The public came in droves – not least because of the great press coverage. The exhibition was perhaps the young museum’s greatest success; over 7,000 catalogues were sold during the exhibition. 233 works by 83 artists were on display, divided into a section for contemporary artists and a historical section in which works up to 1930 were on display. Happenings, light shows, film screenings and concerts took place alongside the exhibition. Large sculptures were in the city and in front of the museum. Artists such as Spoerri, Calder, Tinguely, Rauschenberg and Kaprow were actively involved in the preparations for the exhibition, some with works specially designed for it. For the presentation in Stockholm, Ulf Linde made the world’s first replica of the Large Glass, Marcel Duchamp’s main work. This copy contributed significantly to the fame that Duchamp’s work achieved in Europe in the 1960s. The artist, who was a guest in Stockholm for a week during the exhibition in August 1961, authorized this and other replicas of other works. The exhibition became a first-class event that also helped the new museum gain importance in the international art world. The catalogue (the Swedish edition was expanded) also stood out from the usual framework in terms of its format and presentation. The main part consists of biographical entries on the artists. It is preceded by texts by the artists, manifestos and reports. The enclosed leporello, printed in blue on white, contains an illustrated text by Pontus Hultén on the history of kinetic art in the 20th century.

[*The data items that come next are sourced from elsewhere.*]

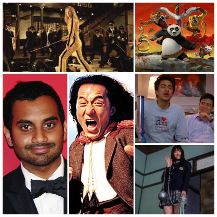 Shanghai Noon is a 2000 American-Hong Kong martial arts western comedy film written by Alfred Gough and Miles Millar starring Jackie Chan and Lucy Liu. The film, set in Nevada and other parts of the American West in the 19th century, is a juxtaposition of a western with a kung fu action film with extended martial arts sequences. It also has elements of comedy and the "Buddy Cop" film genre, as it involves two men of different personalities and ethnicities (a Chinese imperial guard and a white Western outlaw) who team up to stop a crime. It had a sequel, Shanghai Knights in 2003 (from Wikipedia). Charlie’s Angels starred Lucy Liu as an Angel which is huge for Asians as the original roles were never minority roles. It is a 2000 action film written by Ryan Rowe, Ed Solomon, John August and based on Charlie's Angels by Ivan Goff and Ben Roberts. Romeo Must Dieis a 2000 American action film directed by Andrzej Bartkowiak in his directorial debut, and also fight choreography by Corey Yuen, and starring Tyzell Anderson and Aaliyah. Screenplay by Eric Bernt and John Jarrell from the story by Mitchell Kapner. The film was released in the United States on March 22, 2000. In the film, a Chinese former police officer played by Jet Li travels to the United States in order to avenge his brother's death. He also falls in love with a rival mobster's beautiful daughter and they are struggling together against both the Chinese and the American mobs (from Wikipedia). This film was set in Oakland, CA where I was raised and brings about inter-racial relationship issues. Team America: World Police is a 2004 American-German satirical action comedy film starring puppets produced by Scott Rudin, Matt Stone, and Trey Parker, written by Parker, Stone and Pam Brady and directed by Parker, all of whom are also known for the popular animated television series South Park. There are not very many Asians involved in the movie. It is a satire of big-budget action films and their associated clichés and stereotypes, with particular humorous emphasis on the global implications of the politics of the United States. The title is derived from domestic and international political criticisms that the foreign policy of the United States frequently and unilaterally tries to "police the world." Featuring a cast of super-marionettes, Team America depicts a paramilitary police knocked down as "Team America: World Police," who attempt to save the world from a terrorist plot led by Kim Jong-il. Trey Parker does the voice of Kim Jong-Il (from Wikipedia). Avatar: The Last Airbender, (Avatar: The Legend of Aang in some regions) is an American animated television series that aired for three seasons on Nickelodeon. The series began in February 2005 and concluded with a two-hour episode titled "Sozin's Comet" in July 2008. Avatar: The Last Airbender is set in an Asiatic-like world in which some people can manipulate the classical elements with psychokinetic variants of the Chinese martial arts known as "bending." The series is presented in a style that combines anime with American cartoons and relies on the imagery of East-and-South Asian, Inuit, and New World societies. It follows the protagonist, twelve-year-old Aang and his friends, who must bring peace and unity to the world by ending the Fire Lord's war with three nations (from Wikipedia). In 2010, it became a movie. Written byMichael Dante DiMartino, Bryan Konietzko, Nick Malis, Aaron Ehasz, Ian Wilcox, Tim Hedrick, John O'Bryan, Elizabeth Welch Ehasz, Joshua Hamilton, Joann Estoesta, Lisa Wahlander, Andrew Huebner, Gary Scheppke, Katie Mattila, Justin Ridge, Giancarlo Volpe, May Chan, Matthew Hubbard, and James Eagan. Dante Basco, Jennie Kwan, and Mako do voiceovers for the series. Dev Patel stars in the movie and the role of Aang is played by an American. Kill Bill: Volume 1 is a 2003 American martial arts film written and directed by Quentin Tarantino. Though the heroine is not Asian, there are many supporting members who are. Lucy Liu plays O-Ren Ishi, head of the Yakuza, Sonny Chiba as Hattori Hanzo, master swordsmith who, although long retired, agrees to craft a sword for the Bride, Chiaki Kuriyama as Gogo Yubari, O-Ren's sadistic Japanese schoolgirl bodyguard, and Gordon Liu as Johnny Mo, head of O-Ren's personal army, the Crazy 88 (from Wikipedia). 'Harold and Kumar' is the name for a series of American stoner comedy films starring John Cho (Harold) and Kal Penn (Kumar). The first film, Harold & Kumar Go to White Castle, was released on July 30, 2004, by New Line Cinema and spawned a sequel titled Harold & Kumar Escape from Guantanamo Bay, released four years later. A Very Harold & Kumar 3D Christmas, the third installment of the series, opened nationwide in the U.S. on November 4, 2011 (from Wikipedia). Written by Jon Hurwitz and Hayden Schlossberg, Harold and Kumar are relatable for Asian Americans and stoners everywhere. Aziz Ismail Ansari (born February 23, 1983) is an American actor, comedian, and filmmaker born to a Tamil Muslim family from Tamil Nadu, India. He is known for his role as Tom Haverford on the NBC series Parks and Recreation (2009–2015), and as creator and star of the Netflix series Master of None (2015–) for which he won several acting and writing awards, including two Emmys and a Golden Globe for Best Actor – Television Series Musical or Comedy. Kung Fu Pandais a 2008 American computer-animated action comedy martial arts film produced by DreamWorks Animation and distributed by Paramount Pictures...Set in a version of ancient China populated by anthropomorphic talking animals, the plot revolves around a bumbling panda named Po who aspires to be a kung fu master. When an evil kung fu warrior is foretold to escape after twenty years in prison, Po is unwittingly named the chosen one destined to defeat him and bring peace to the land, much to the chagrin of the resident kung fu warriors (from Wikipedia). Screenplay by Jonathan Aibel and Glenn Berger fr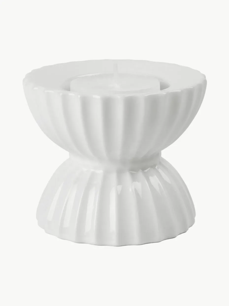 Porzellan-Teelichthalter Tura mit geriffelter Oberfläche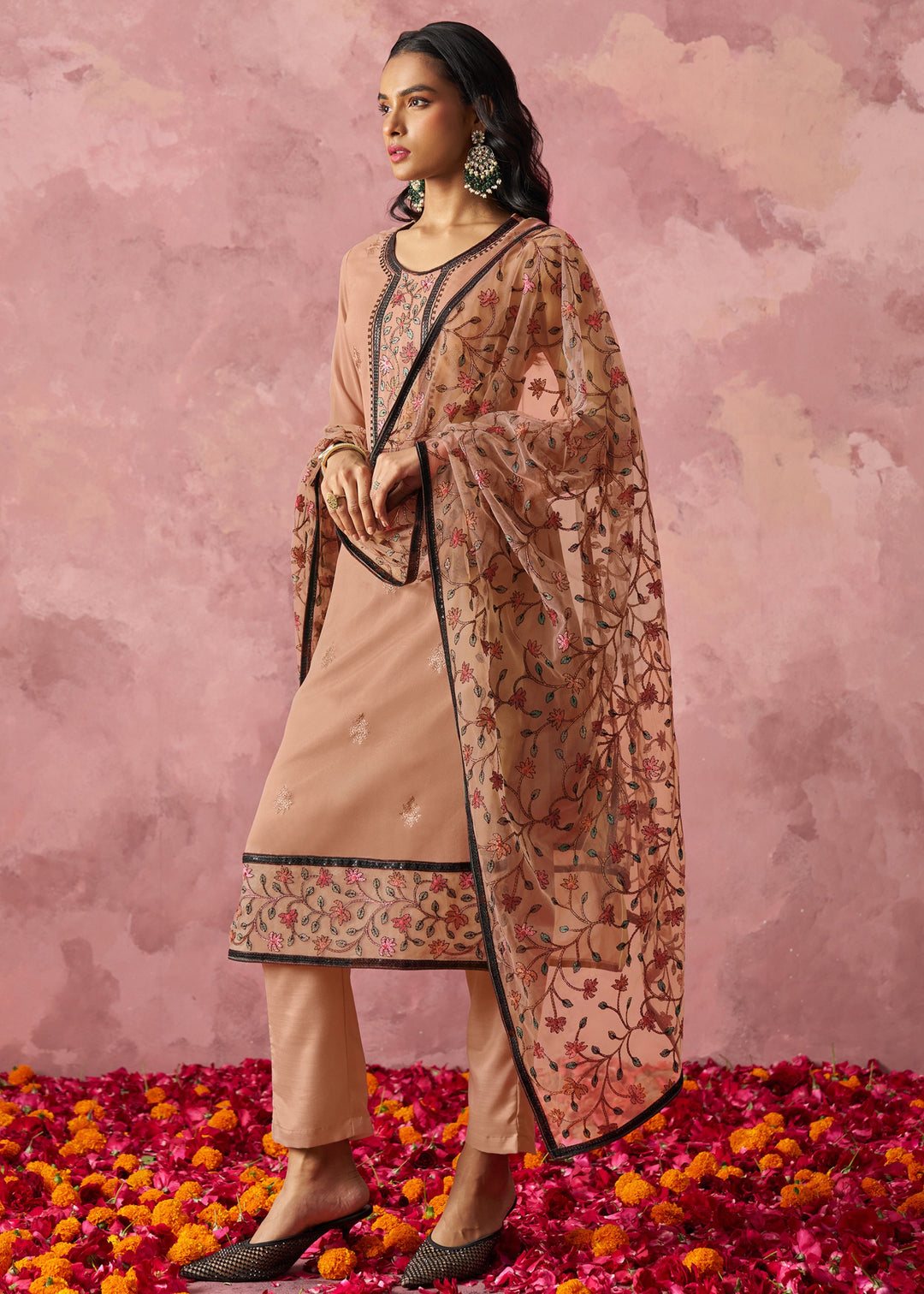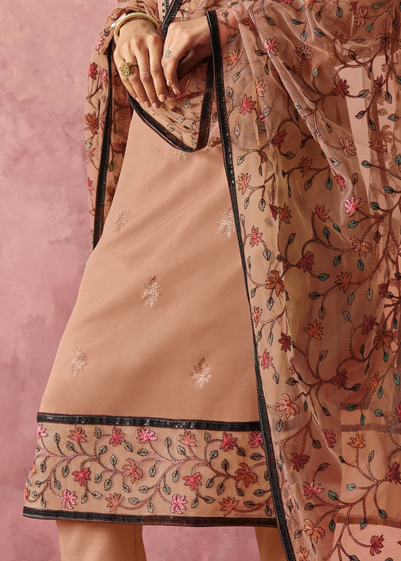 Tan Brown Georgette Suit With Thread Embroidered Work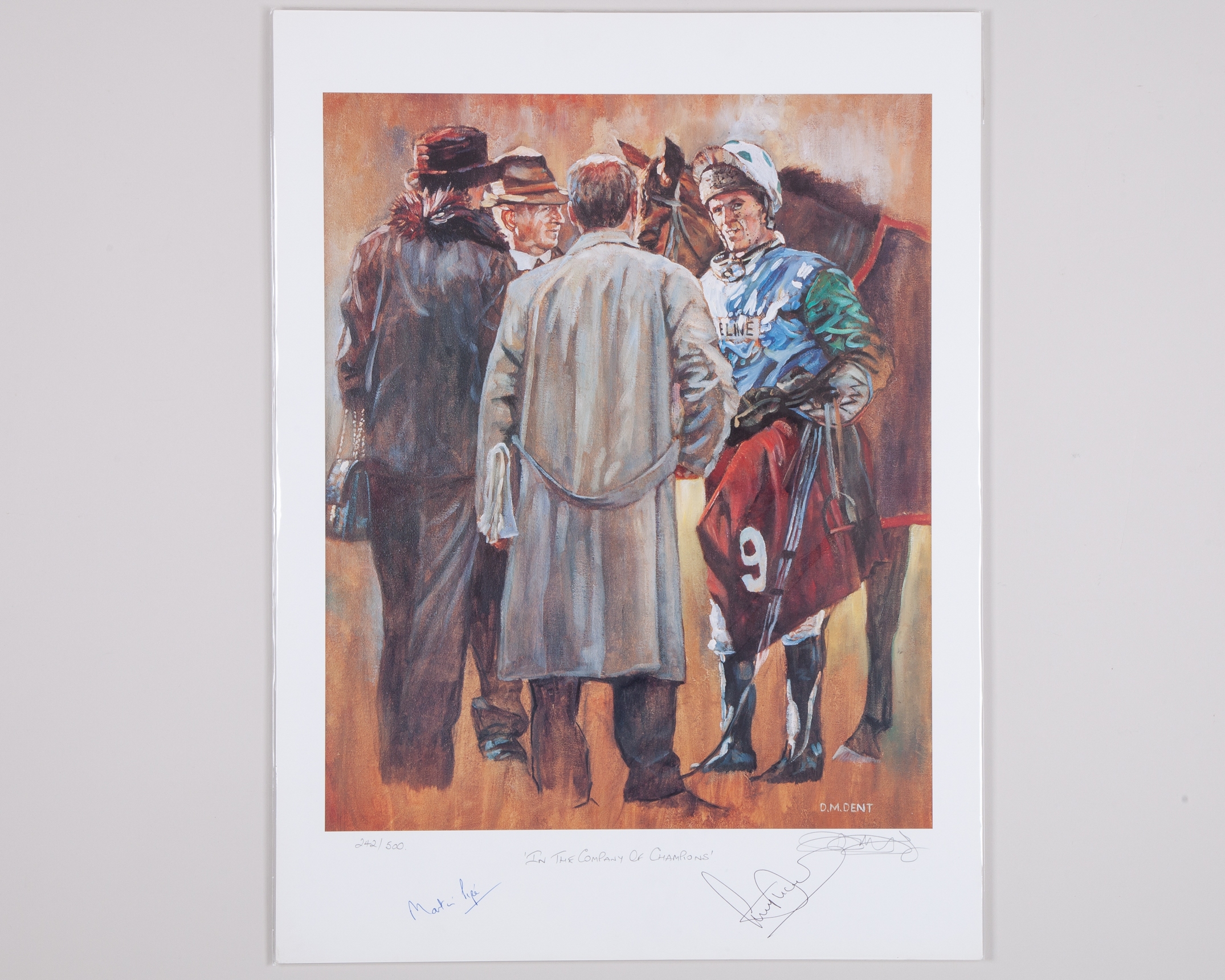 Two autographed horse racing prints by David Dent (British, b.1959),

Billy Klüver: Born in Monaco, grew up in Sweden. After completing his doctorate in Berkeley, he worked at Bell Telephone Laboratories. In 1966, he founded Experiments in Art and Technology together with Robert Rauschenberg, Robert Whitman and Fred Waldhauer. Wrote the book Kiki’s Paris together with Julie Martin. I met Pontus 50 years ago at the university film club, the only truly independent cultural institution in Stockholm at the time. The first exhibition I worked on with Pontus was ”Rörelse i konsten” in 1961. Essentially, Pontus was expanding on the 1955 exhibition Le mouvement at the Galerie Denise René, for which he had written a 32-page statement on kinetic art from the Bugatti brothers to Jean Tinguely (Den ställföreträdande friheten eller om rörelse i konsten och Tinguelys metamekanik). In an interview with Swedish television at the opening of ”Rörelse i konsten”, he expressed his appreciation for Movement or dynamism in art: ”Much of modern art is pessimistic, fatalistic, negative and depressing, I think we have made an exhibition that is the opposite. It is cheerful, constructive, dynamic and full of movement.”

Before ”Rörelse i konsten”, Pontus and I had visited Calder in Roxbury, Connecticut. As we were leaving, Sandy ran after us. ”Here,” he said, pushing a small model toward a stunned Pontus, ”build this.” It was a working model of Calder’s rejected proposal for the symbol of the 1939 New York World’s Fair. At the opening, Calder got out of his taxi in front of the Moderna Museet and was as happy as a child at Christmas to see his Four Seasons, full-size and in flawless motion.

Pontus’ exhibition catalogue was 57 centimetres long and 11 centimetres wide. He imagined that it would stick out of everyone’s pocket like a baguette and that people would discover it on the streets of Stockholm as they went for a walk. A perfect example of Pontus’ wishful thinking and his instinctive ability to create propaganda for his exhibitions.

For Pontus, the catalogue was always a vehicle for extending the exhibition beyond the confines of the museum. All his catalogues had something abnormal about them, something that challenged the traditions of the printing trade. Only a man with a loyal printer, unimaginable determination and a complete disdain for cost could achieve such a thing.

Pontus’ solutions were always brilliant in tight situations, as was the case when we had only a few days to lay out and print the publication 9 Evenings: Theatre and Engineering. I asked him to take over. He chose the large format; and rather than getting into the technical details of each artist’s project, as I would have been inclined to do, he superimposed all the technical diagrams on the cover. He did the layout for the rest of the catalogue in a few hours and got it to the printer in time. When deadlines approached, Pontus became a mountain of well-concealed impatience, a volcano.